Shilatifard Laboratory
Recent Videos from the Shilatifard Lab
Transcriptional elongation control of hypoxic response
A recent publication in PNAS from the Simpson Querrey Institute for Epigenetics in the Shilatifard Laboratory identified the CDK9 complex required for transcriptional response to hypoxia. New findings on the relationship between CDK9, BRD4, and PAF1C provide insight into therapeutically targetable mechanisms that regulate the pause-release of RNA Polymerase II in hypoxia-driven diseases.
Localized Genetic Mutations May Serve as Biomarker for Wide Range of Cancers
A recent publication in PNAS from the Simpson Querrey Institute for Epigenetics in the Shilatifard Laboratory discovered that unique amino acid sequence properties and biological functions of mutated MLL4 contribute to the high prevalence of KMT2D mutation rate.
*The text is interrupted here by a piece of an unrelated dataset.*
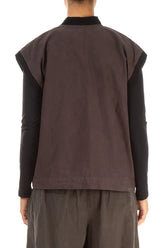 Un gilet en coton marron forêt contemporain, idéal pour la superposition. Doté d'une fermeture éclair et de trois poches fonctionnelles, il allie lignes épurées et praticité. Confectionné en coton doux et structuré, ce modèle polyvalent conjugue fonctionnalité au quotidien et détails sculpturaux subtils, ce qui en fait une pièce élégante à ajouter à toutes vos tenues, décontractées ou superposées.

Mutant KMT2D transcripts can actually evade nonsense mRNA decay. Instead, these transcripts are expressed as truncated proteins that localize to the cytosol, rather than the nucleus. This finding suggests that MLL4 could potentially be used as a biomarker for prognosis and patient stratification based on predicted sensitivity to targeted therapies.
ELOA3: Primate-specific RNA polymerase II elongation factor encoded by a tandem repeat gene cluster
A recent publication in Science Advances from the Simpson Querrey Institute for Epigenetics in the Shilatifard Laboratory demonstrates the ELOA3 gene cluster is conserved among primates and the number of ELOA3 gene repeats is variable in the human population and across primate species. Moreover, the ELOA3 gene cluster has undergone concerted evolution and homogenization within primates. Future studies could lead to the creation of sensitivity in cell lines through the understanding of ELOA3 activation.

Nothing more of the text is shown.